Directions: Repeat the lines of the data exactly and exclude any picture among them.

START Information supplied

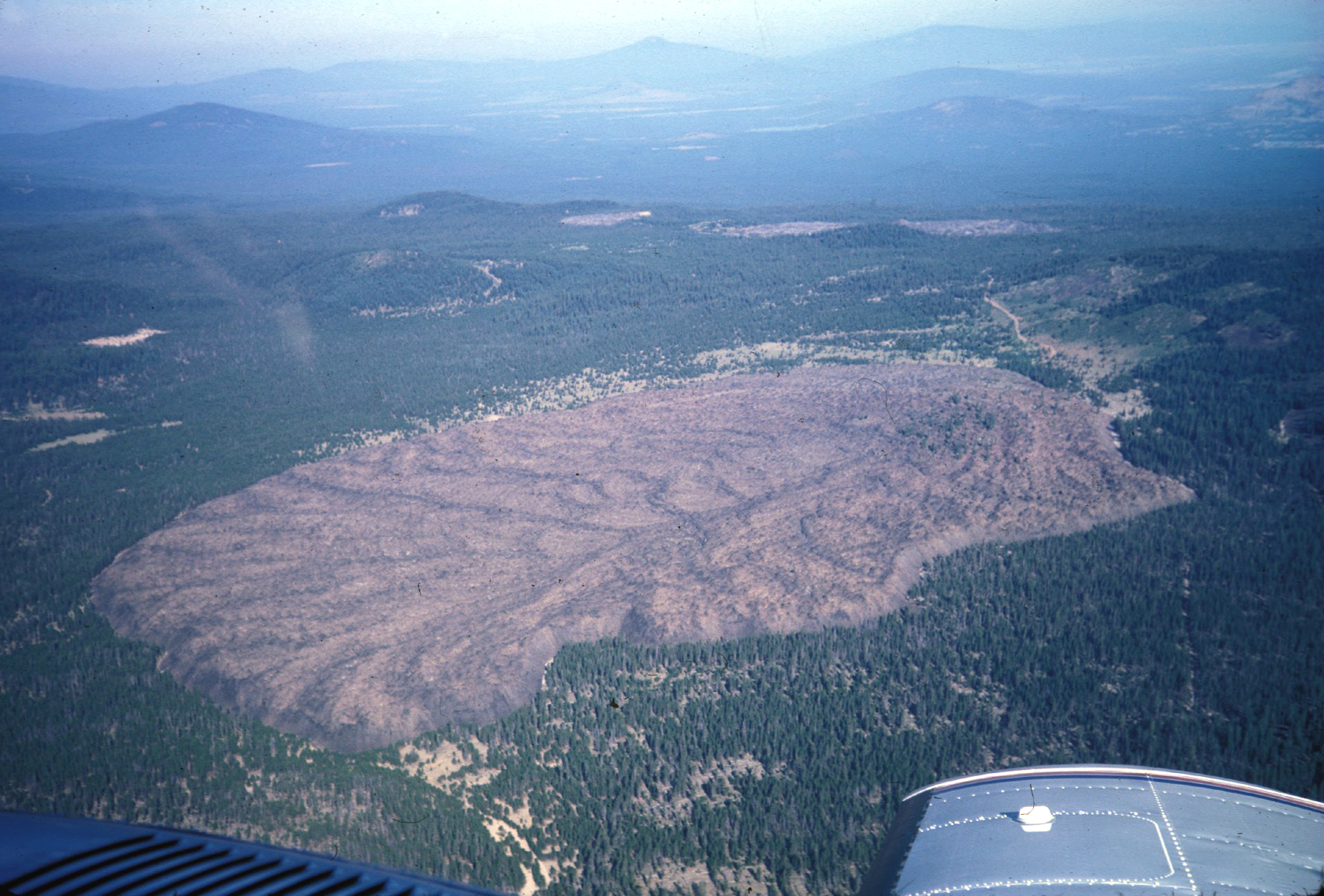 14. Aerial view looking northwest across the 5,200-year-old Medicine Lake Glass Flow (map unit dm).
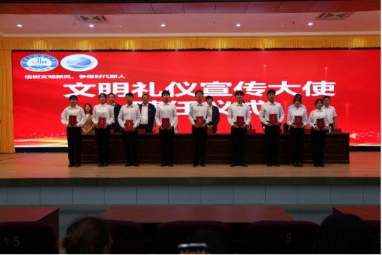 校园文明宣传大使颁发聘书,学生会主席团成员李雨泽宣读了《Netflav
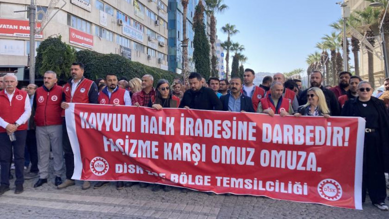 DİSK Ege Bölge Temsilcisi Memiş Sarı, en temel demokratik haklardan biri olan seçme ve seçilme hakkının kayyum uygulamalarıyla gasp edildiğini belirtti.
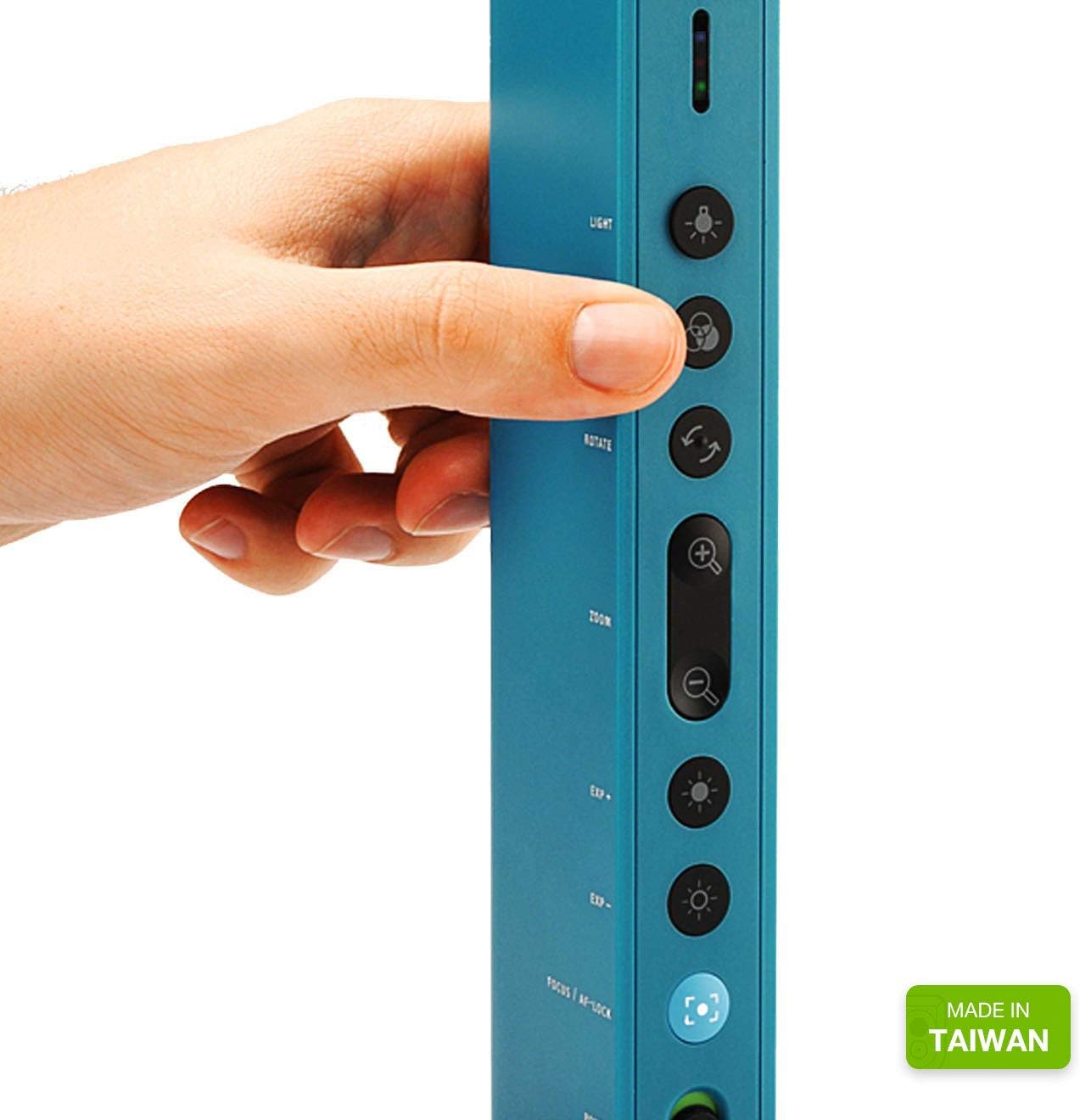 Designed and made in Taiwan. Swiveling head, Multi-Jointed stand, and small footprint allow you to capture freely from different height, angle, and orientation. Buttons conveniently located on vs.-x’s body enable you to adjust real-time images instantly.

END Information supplied

Exercise result:
 14. Aerial view looking northwest across the 5,200-year-old Medicine Lake Glass Flow (map unit dm).
 校园文明宣传大使颁发聘书,学生会主席团成员李雨泽宣读了《Netflav
 DİSK Ege Bölge Temsilcisi Memiş Sarı, en temel demokratik haklardan biri olan seçme ve seçilme hakkının kayyum uygulamalarıyla gasp edildiğini belirtti.
 Designed and made in Taiwan. Swiveling head, Multi-Jointed stand, and small footprint allow you to capture freely from different height, angle, and orientation. Buttons conveniently located on vs.-x’s body enable you to adjust real-time images instantly.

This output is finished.